[[ Extracted data, beginning ]]

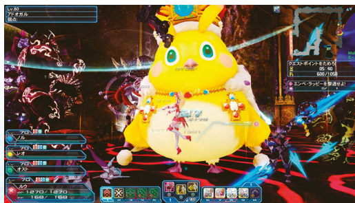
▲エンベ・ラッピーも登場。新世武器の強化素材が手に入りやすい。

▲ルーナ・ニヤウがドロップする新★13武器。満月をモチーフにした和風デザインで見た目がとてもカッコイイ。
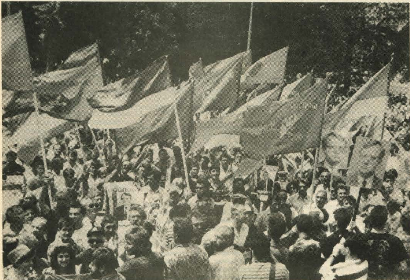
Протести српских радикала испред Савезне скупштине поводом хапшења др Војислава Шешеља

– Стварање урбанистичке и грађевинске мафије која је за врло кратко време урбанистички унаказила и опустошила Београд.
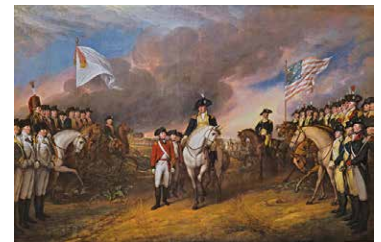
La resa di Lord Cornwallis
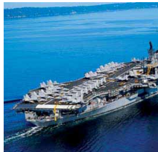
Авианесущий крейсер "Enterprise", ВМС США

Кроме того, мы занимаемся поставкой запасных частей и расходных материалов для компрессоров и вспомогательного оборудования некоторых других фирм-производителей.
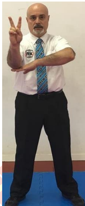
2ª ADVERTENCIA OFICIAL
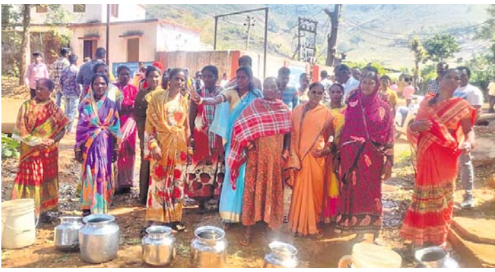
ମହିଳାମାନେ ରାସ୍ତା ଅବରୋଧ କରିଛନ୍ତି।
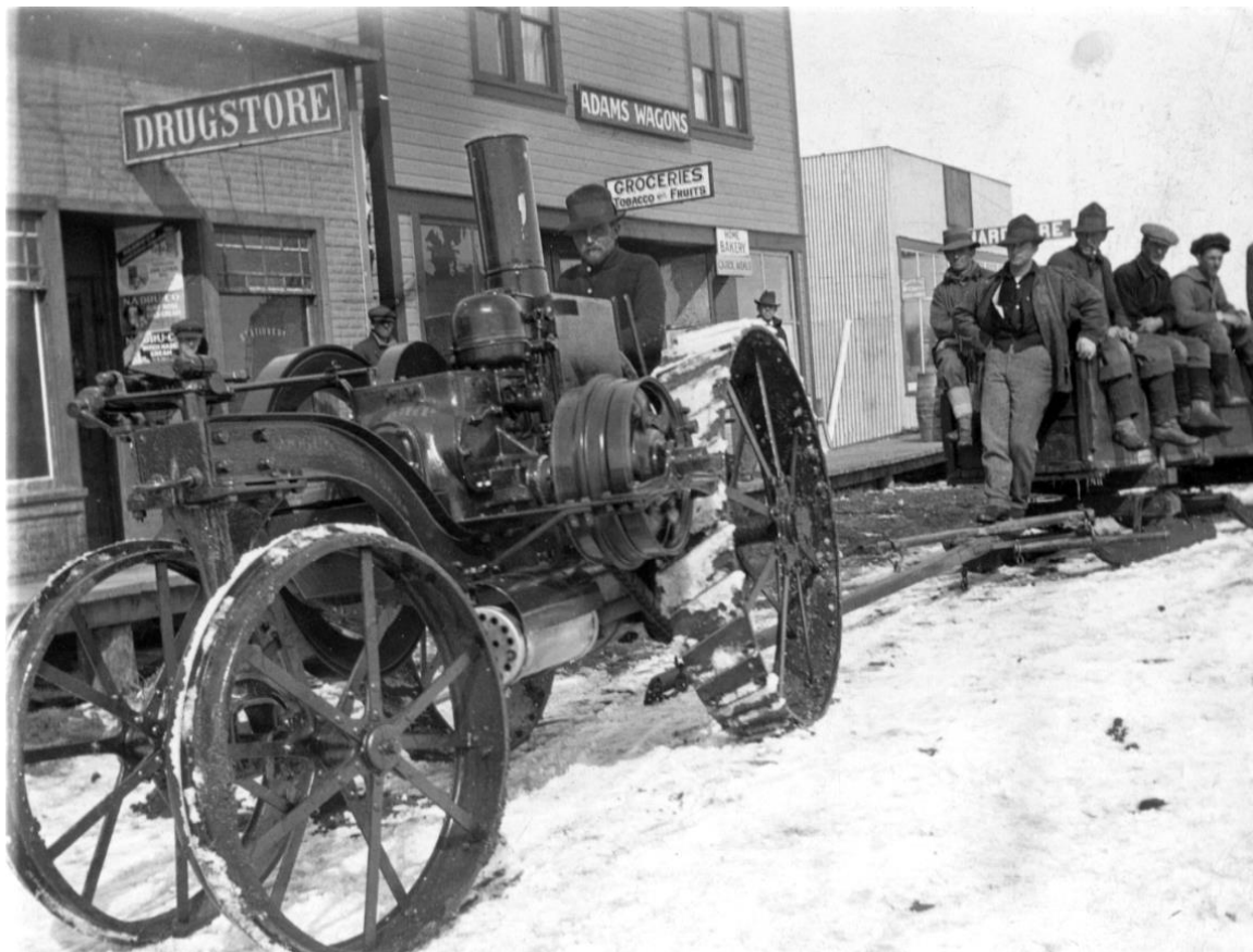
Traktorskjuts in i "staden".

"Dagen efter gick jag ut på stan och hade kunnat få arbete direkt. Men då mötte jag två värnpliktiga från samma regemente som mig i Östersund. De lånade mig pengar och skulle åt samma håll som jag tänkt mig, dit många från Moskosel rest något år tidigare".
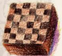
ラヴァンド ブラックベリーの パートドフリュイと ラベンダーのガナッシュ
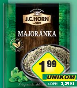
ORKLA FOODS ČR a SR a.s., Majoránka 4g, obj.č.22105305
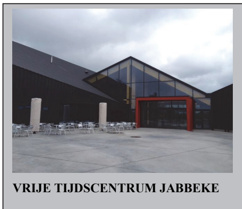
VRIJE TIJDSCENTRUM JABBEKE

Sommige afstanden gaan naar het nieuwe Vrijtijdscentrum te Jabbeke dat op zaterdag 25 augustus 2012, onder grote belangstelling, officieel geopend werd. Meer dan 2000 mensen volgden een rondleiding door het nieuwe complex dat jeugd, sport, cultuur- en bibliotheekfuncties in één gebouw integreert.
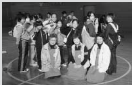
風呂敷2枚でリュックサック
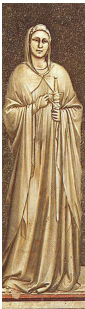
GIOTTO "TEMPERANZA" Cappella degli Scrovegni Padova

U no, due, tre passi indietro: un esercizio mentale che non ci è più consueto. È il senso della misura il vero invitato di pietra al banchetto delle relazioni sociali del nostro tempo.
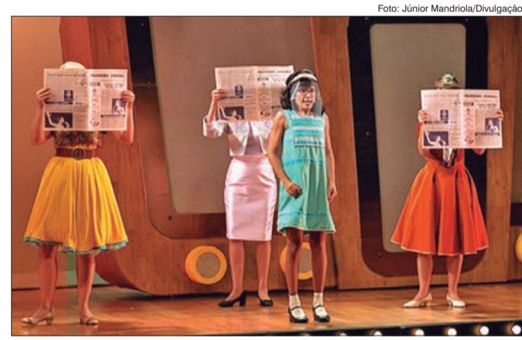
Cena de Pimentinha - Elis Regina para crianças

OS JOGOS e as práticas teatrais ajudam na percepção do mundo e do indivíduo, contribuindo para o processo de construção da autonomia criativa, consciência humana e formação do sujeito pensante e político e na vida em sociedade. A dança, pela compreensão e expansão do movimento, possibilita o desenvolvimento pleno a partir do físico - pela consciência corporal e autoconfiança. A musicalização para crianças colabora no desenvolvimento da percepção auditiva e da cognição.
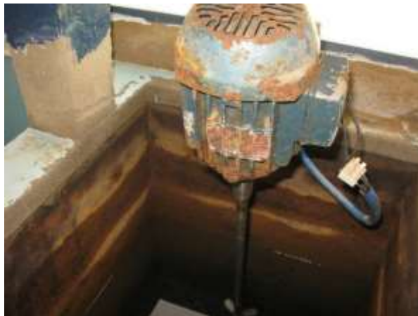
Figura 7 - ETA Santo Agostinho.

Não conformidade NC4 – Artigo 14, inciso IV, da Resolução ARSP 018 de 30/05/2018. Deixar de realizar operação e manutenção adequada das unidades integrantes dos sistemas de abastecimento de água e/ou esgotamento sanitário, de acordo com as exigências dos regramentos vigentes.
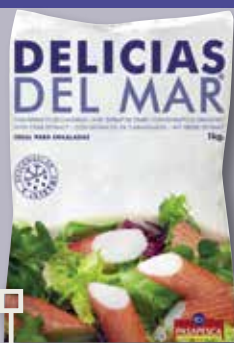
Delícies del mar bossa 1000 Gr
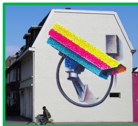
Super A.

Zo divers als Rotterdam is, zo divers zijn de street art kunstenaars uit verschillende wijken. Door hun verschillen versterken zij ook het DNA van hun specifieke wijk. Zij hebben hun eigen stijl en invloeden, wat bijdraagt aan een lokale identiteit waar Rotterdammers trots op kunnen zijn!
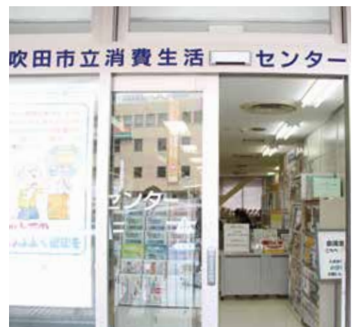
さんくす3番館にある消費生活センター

[[ Extracted data, end ]]

# Activity
Go back to the line that contains "efter gick jag" and copy it, along with each line after it through the end of the listing above, exactly and without pictures.

# Task solution
"Dagen efter gick jag ut på stan och hade kunnat få arbete direkt. Men då mötte jag två värnpliktiga från samma regemente som mig i Östersund. De lånade mig pengar och skulle åt samma håll som jag tänkt mig, dit många från Moskosel rest något år tidigare".
ラヴァンド ブラックベリーの パートドフリュイと ラベンダーのガナッシュ
ORKLA FOODS ČR a SR a.s., Majoránka 4g, obj.č.22105305
VRIJE TIJDSCENTRUM JABBEKE

Sommige afstanden gaan naar het nieuwe Vrijtijdscentrum te Jabbeke dat op zaterdag 25 augustus 2012, onder grote belangstelling, officieel geopend werd. Meer dan 2000 mensen volgden een rondleiding door het nieuwe complex dat jeugd, sport, cultuur- en bibliotheekfuncties in één gebouw integreert.
風呂敷2枚でリュックサック
GIOTTO "TEMPERANZA" Cappella degli Scrovegni Padova

U no, due, tre passi indietro: un esercizio mentale che non ci è più consueto. È il senso della misura il vero invitato di pietra al banchetto delle relazioni sociali del nostro tempo.
Cena de Pimentinha - Elis Regina para crianças

OS JOGOS e as práticas teatrais ajudam na percepção do mundo e do indivíduo, contribuindo para o processo de construção da autonomia criativa, consciência humana e formação do sujeito pensante e político e na vida em sociedade. A dança, pela compreensão e expansão do movimento, possibilita o desenvolvimento pleno a partir do físico - pela consciência corporal e autoconfiança. A musicalização para crianças colabora no desenvolvimento da percepção auditiva e da cognição.
Figura 7 - ETA Santo Agostinho.

Não conformidade NC4 – Artigo 14, inciso IV, da Resolução ARSP 018 de 30/05/2018. Deixar de realizar operação e manutenção adequada das unidades integrantes dos sistemas de abastecimento de água e/ou esgotamento sanitário, de acordo com as exigências dos regramentos vigentes.
Delícies del mar bossa 1000 Gr
Super A.

Zo divers als Rotterdam is, zo divers zijn de street art kunstenaars uit verschillende wijken. Door hun verschillen versterken zij ook het DNA van hun specifieke wijk. Zij hebben hun eigen stijl en invloeden, wat bijdraagt aan een lokale identiteit waar Rotterdammers trots op kunnen zijn!
さんくす3番館にある消費生活センター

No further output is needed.